45 jours de plus sur le mandat de la 7e législature ?
En d’autres termes, si cette disposition est adoptée par la plénière, les législatives auront lieu vers fin juin 2019. Il a été constaté que l’article 242 du Code électoral relatif au mode d’attribution des siège et à la répartition des sièges qui fait objet de toutes controverses n’a pas été pour autant modifié ou complété. Cette disposition est maintenue avec la condition de 10 % de taux de suffrage national valablement exprimé pour être éligible à l’attribution des sièges au cas où il y a au moins quatre partis politiques en lice. Le comité paritaire a modifié l’article 77 du Code électoral qui traite de la transparence des élections. Il est en effet prévu pour des élections législatives de 2019, que le poste de vote soit tenu par cinq agents électoraux au lieu de trois retenus dans le Code électoral actuellement en vigueur. Les membres du poste seront composés d’un président, de deux assesseurs, d’un représentant d’opposition et d’un représentant des partis de la mouvance tous inscrits sur la liste électorale de la commune. Les représentants de la mouvance et de l’opposition (la nouveauté de la loi) doivent s’assurer du déroulement du scrutin dans les conditions de transparence.
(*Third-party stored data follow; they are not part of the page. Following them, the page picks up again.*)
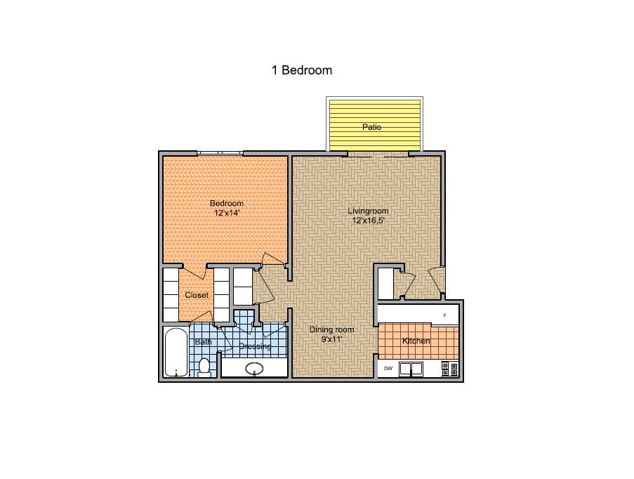 1x1Riverbend Apartments - Floorplan 1 ![]()
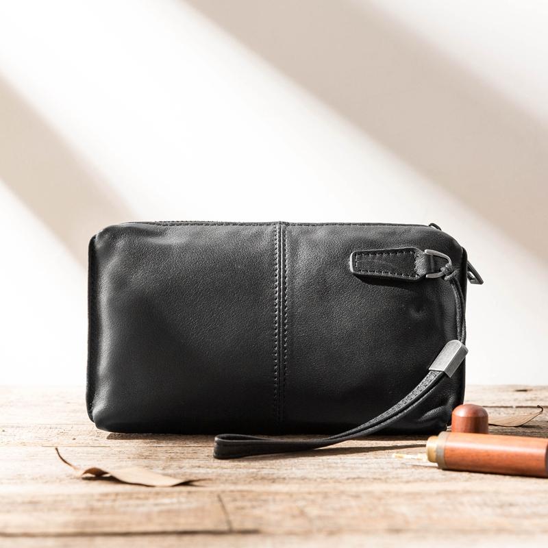 Design: Black Cool Leather Mens 8 inches Long Zipper Clutch Wallet Long Wallet Phone Bag for Men
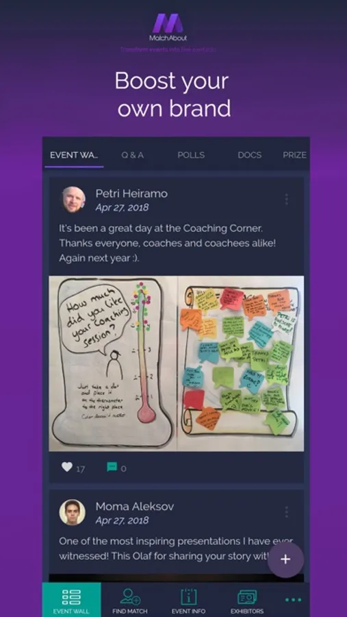 Never-ending story, because once you’ve joined the app, you will be able to collect contacts, materials and any other kind of valuables from event to event. Also to keep all of them safe at one single place. Whether you prefer to be in focus of event or you just prefer to be on track, this is the right place for you. Because we are always on the source of happening and our mission is to transform events into real life opportunities!
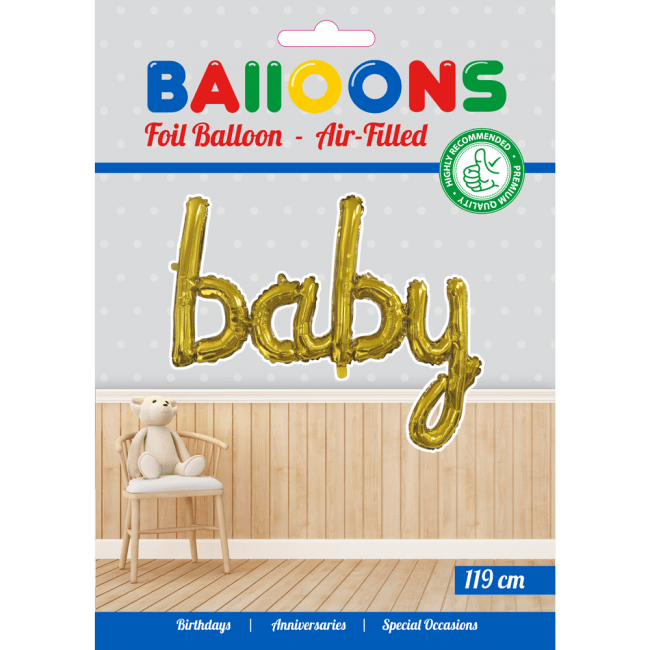 Pakkauksen sisältö:Foliopallo Baby Gold 42cm tyhjä

Plusieurs autres dérogations aux articles du Code électoral ont été proposées.
La Constitution du 11 décembre 1990 n’a pas été épargnée des textes à modifier en vue des élections législatives sans exclusion et apaisées. Il est envisagé la révision technique de l’article 80 de la loi fondamentale afin d’atteindre l’ambition de prorogation du mandat actuel des députés de la septième législature. Un second aliéna est proposé à cet article 80. Lequel alinéa stipule que : « Lorsque le renouvellement à bonne date de l’Assemblée nationale est compromis par des menaces graves à la paix sociale, l’Assemblée nationale peut proroger le mandat en cours d’un délai qui ne peut excéder 45 jours par un vote aux 5/6 des députés composant l’Assemblée nationale ». Cette disposition, si elle est adoptée, permettra aux députés de la septième législature de rester légalement en fonction jusqu’à fin juin prochain. Mais, tout ceci n’est que des propositions. Il revient à la commission chargée des Lois de l’Assemblée nationale d’étudier toutes ces propositions de lois dérogatoires et révision de l’article 80 de la Constitution initiées par le comité parlementaire et entérinées ce lundi par la Conférence des présidents. Ce n’est qu’après tout cela que la plénière des députés déjà programmée pour jeudi prochain va décider éventuellement d’amender, pour ensuite voter ou rejeter les différents textes électoraux proposés.